● EXERCISE
Each entry should be returned exactly as written, with no pictures carried over.
START SUPPLIED RECORDS
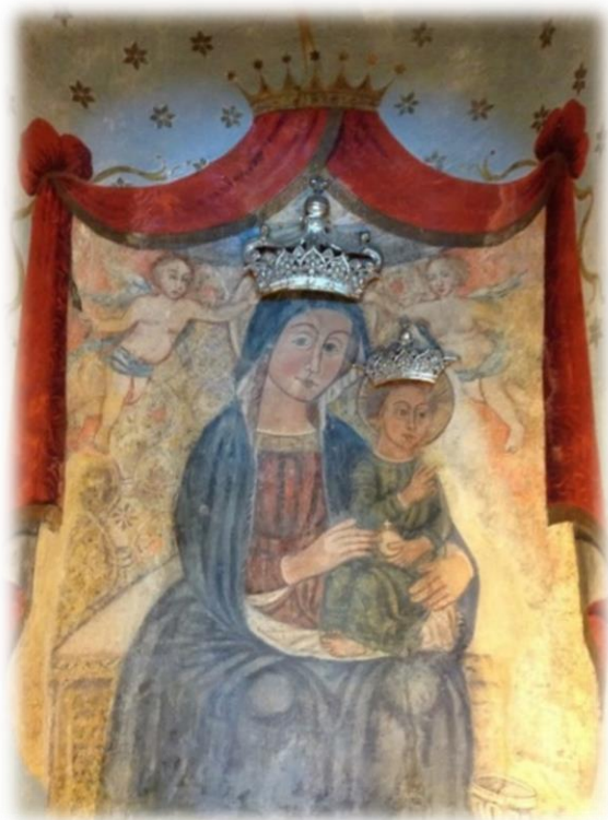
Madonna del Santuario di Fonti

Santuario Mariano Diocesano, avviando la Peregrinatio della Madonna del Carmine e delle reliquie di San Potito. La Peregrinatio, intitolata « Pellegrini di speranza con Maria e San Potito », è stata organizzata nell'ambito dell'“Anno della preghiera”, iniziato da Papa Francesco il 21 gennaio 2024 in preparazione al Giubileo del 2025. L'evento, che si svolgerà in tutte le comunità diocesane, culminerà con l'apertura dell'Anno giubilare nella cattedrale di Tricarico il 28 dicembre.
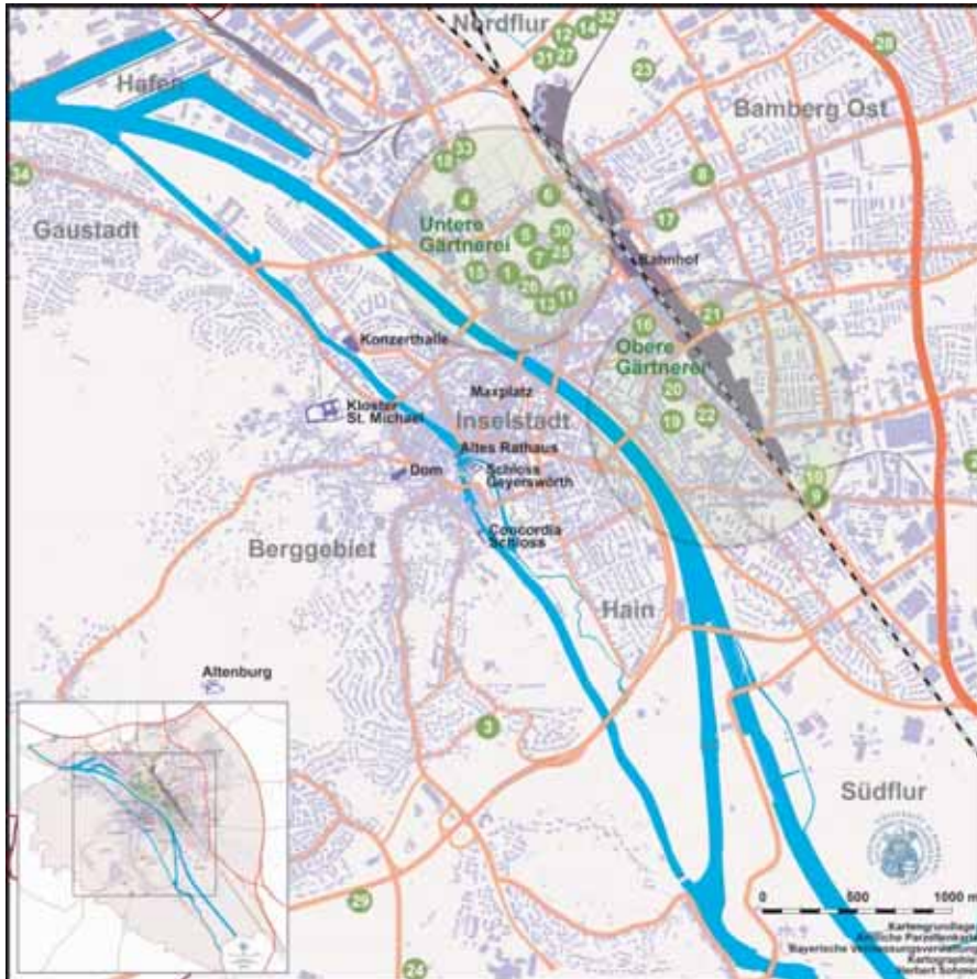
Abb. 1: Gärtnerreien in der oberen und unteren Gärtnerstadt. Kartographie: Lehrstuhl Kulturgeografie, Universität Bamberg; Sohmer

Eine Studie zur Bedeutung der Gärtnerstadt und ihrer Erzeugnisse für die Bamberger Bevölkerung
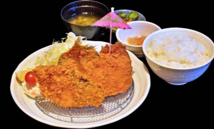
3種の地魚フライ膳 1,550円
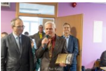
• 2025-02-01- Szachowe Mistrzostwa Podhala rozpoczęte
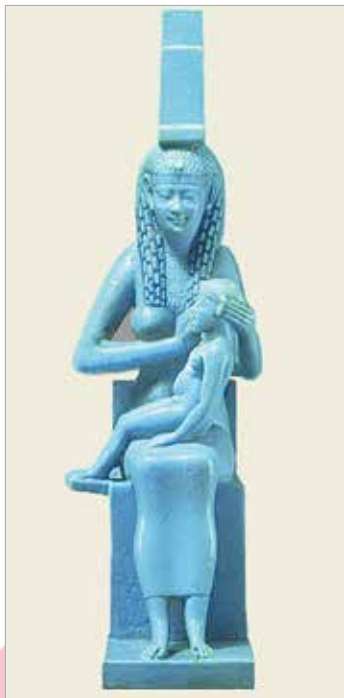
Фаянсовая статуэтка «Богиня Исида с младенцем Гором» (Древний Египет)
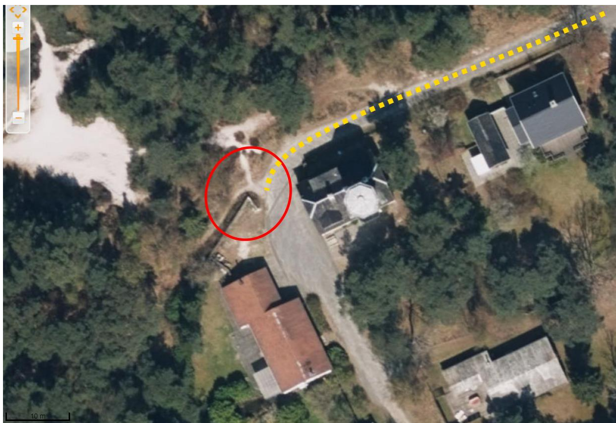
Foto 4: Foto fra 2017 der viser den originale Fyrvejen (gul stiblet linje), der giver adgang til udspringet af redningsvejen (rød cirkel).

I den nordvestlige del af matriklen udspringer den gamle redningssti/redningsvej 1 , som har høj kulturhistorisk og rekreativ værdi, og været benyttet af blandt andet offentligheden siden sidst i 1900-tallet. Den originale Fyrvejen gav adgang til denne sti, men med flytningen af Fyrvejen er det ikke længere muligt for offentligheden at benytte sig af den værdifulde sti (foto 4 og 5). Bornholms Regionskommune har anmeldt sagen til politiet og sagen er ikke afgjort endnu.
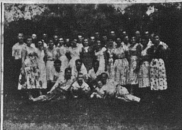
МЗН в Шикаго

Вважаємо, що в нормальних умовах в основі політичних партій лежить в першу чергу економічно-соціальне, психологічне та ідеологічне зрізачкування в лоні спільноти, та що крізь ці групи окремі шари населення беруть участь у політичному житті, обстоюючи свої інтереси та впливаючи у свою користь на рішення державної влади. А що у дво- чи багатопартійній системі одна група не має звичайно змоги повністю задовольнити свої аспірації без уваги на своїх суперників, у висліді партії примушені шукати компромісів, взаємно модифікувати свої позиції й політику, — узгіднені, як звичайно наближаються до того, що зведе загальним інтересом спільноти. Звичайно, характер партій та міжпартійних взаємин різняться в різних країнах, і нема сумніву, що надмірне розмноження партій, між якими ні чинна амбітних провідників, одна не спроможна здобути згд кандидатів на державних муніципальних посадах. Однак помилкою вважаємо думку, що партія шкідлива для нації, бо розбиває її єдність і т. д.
END SUPPLIED RECORDS
● ANSWER TO THIS EXERCISE
Madonna del Santuario di Fonti

Santuario Mariano Diocesano, avviando la Peregrinatio della Madonna del Carmine e delle reliquie di San Potito. La Peregrinatio, intitolata « Pellegrini di speranza con Maria e San Potito », è stata organizzata nell'ambito dell'“Anno della preghiera”, iniziato da Papa Francesco il 21 gennaio 2024 in preparazione al Giubileo del 2025. L'evento, che si svolgerà in tutte le comunità diocesane, culminerà con l'apertura dell'Anno giubilare nella cattedrale di Tricarico il 28 dicembre.
Abb. 1: Gärtnerreien in der oberen und unteren Gärtnerstadt. Kartographie: Lehrstuhl Kulturgeografie, Universität Bamberg; Sohmer

Eine Studie zur Bedeutung der Gärtnerstadt und ihrer Erzeugnisse für die Bamberger Bevölkerung
3種の地魚フライ膳 1,550円
• 2025-02-01- Szachowe Mistrzostwa Podhala rozpoczęte
Фаянсовая статуэтка «Богиня Исида с младенцем Гором» (Древний Египет)
Foto 4: Foto fra 2017 der viser den originale Fyrvejen (gul stiblet linje), der giver adgang til udspringet af redningsvejen (rød cirkel).

I den nordvestlige del af matriklen udspringer den gamle redningssti/redningsvej 1 , som har høj kulturhistorisk og rekreativ værdi, og været benyttet af blandt andet offentligheden siden sidst i 1900-tallet. Den originale Fyrvejen gav adgang til denne sti, men med flytningen af Fyrvejen er det ikke længere muligt for offentligheden at benytte sig af den værdifulde sti (foto 4 og 5). Bornholms Regionskommune har anmeldt sagen til politiet og sagen er ikke afgjort endnu.
МЗН в Шикаго

Вважаємо, що в нормальних умовах в основі політичних партій лежить в першу чергу економічно-соціальне, психологічне та ідеологічне зрізачкування в лоні спільноти, та що крізь ці групи окремі шари населення беруть участь у політичному житті, обстоюючи свої інтереси та впливаючи у свою користь на рішення державної влади. А що у дво- чи багатопартійній системі одна група не має звичайно змоги повністю задовольнити свої аспірації без уваги на своїх суперників, у висліді партії примушені шукати компромісів, взаємно модифікувати свої позиції й політику, — узгіднені, як звичайно наближаються до того, що зведе загальним інтересом спільноти. Звичайно, характер партій та міжпартійних взаємин різняться в різних країнах, і нема сумніву, що надмірне розмноження партій, між якими ні чинна амбітних провідників, одна не спроможна здобути згд кандидатів на державних муніципальних посадах. Однак помилкою вважаємо думку, що партія шкідлива для нації, бо розбиває її єдність і т. д.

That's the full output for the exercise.